The policy would mean undermining Putin’s support by undermining his use of oil as a cudgel against his enemies. The real skill is the ability to look around dark corners in knowing the impacts of arming the Ukrainians or even letting the nation into NATO and gauging the impact of that on Putin, and his all-important Cronies, who are the bulwark of his government. Intellectual capacity is helpful in all these areas but not the determinant of success.
This is why I wed wisdom to success rather than intellect as the determinant. During the recent pandemic crisis, a few critical levers of policy, from mask mandates for children to lockdowns, are increasing scrutiny. A recent study from Johns Hopkins (not a crank institute) held that lockdowns had little to no effect in stopping the virus. The data on kids and masks is even more problematic. There is little evidence of the efficacy of masks, but new studies are showing that masks are detrimental to the health of children. Somehow we have made the problems worse.
The common excuse is, “well, this was unprecedented, and we did know then what we do now.” On the face of it, this is a spurious claim. From the inception of the virus in the spring of 2020, there were precise data that older people, over 65, were suffering at a factor several times middle-aged people, and the numbers for children were minimal. We had data from the first six months showing that lockdown states like IL or CA were not materially performing any better than more open states such as Florida or South Dakota.

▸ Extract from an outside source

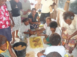 During the training woman learn how to make the clay stove, that reduces firewood use and time for collecting firewood. Compared to the usual cooking on an open fire, as practiced across Solomon Islands, cooking with the clay stove it is quicker for food to be cooked. This also saves womens time – in collecting and carrying firewood and in time spent cooking.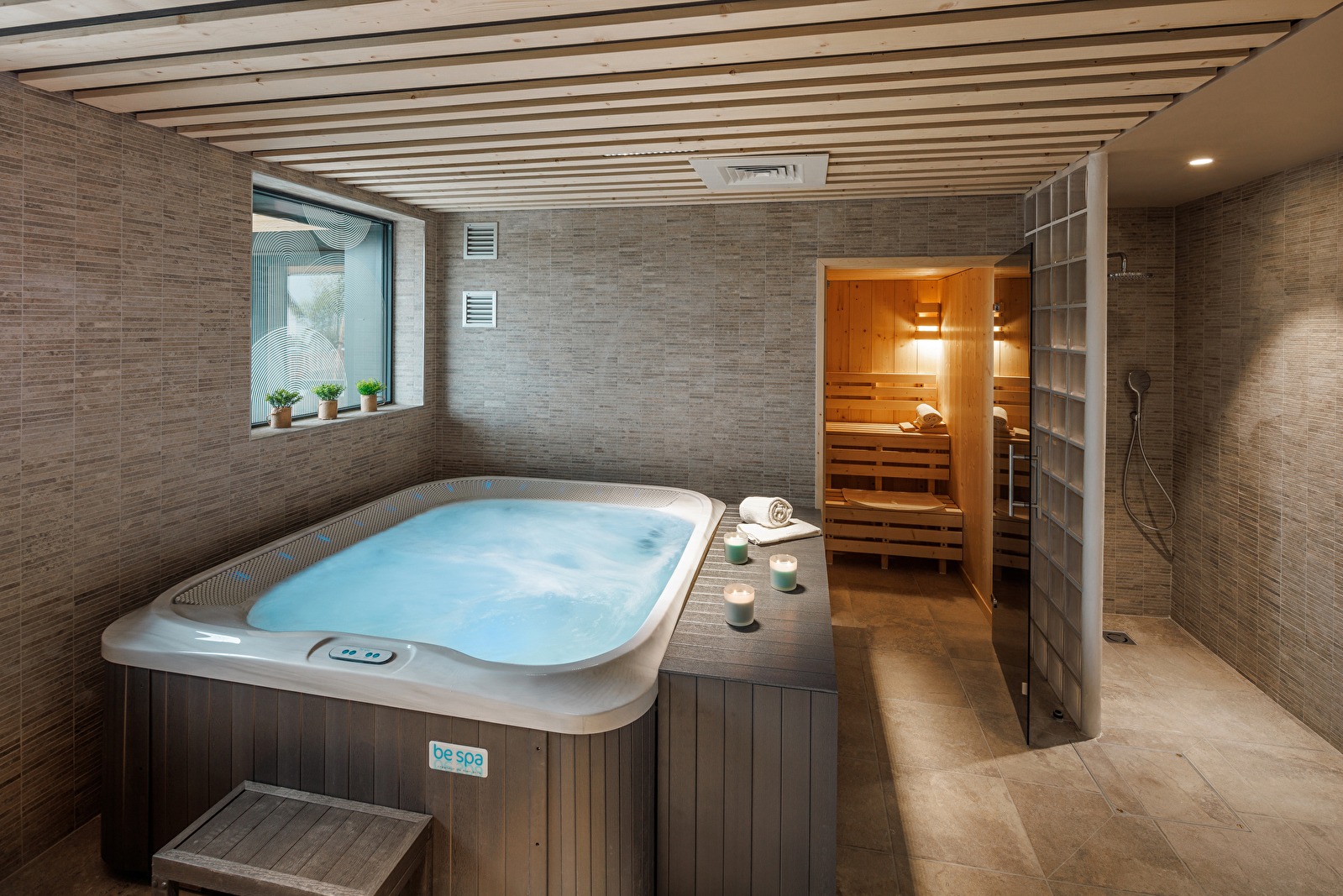 L'accès à l'espace bien-être avec piscine naturelle intérieure, spa, sauna, salle de fitness et massage (en supplément).

But that is a cop-out of another stripe. One of the impressive aspects of George Washington’s administration was that everything was the first time. Never in the history of humanity had a Republic been established immediately on a Continental scale. About the only comparison, the Roman Republic began to fall apart almost immediately at that point of continental scale. Everything from national debt to dealing with Europe was new for Washington and his team, including John Adams, Thomas Jefferson, Alexander Hamilton, and John Jay. Yes, the pandemic was new. So was the rapid industrialization of the nation, an expeditionary force in World War I, and mass immigration. Presidents are not elected to simply follow a rule book like a referee in an NFL game. They are expected to manage the knowns, but also the unknowns. And the best way to do this is not necessary to have served in Congress or been a governor but to have the wisdom to manage the new affair.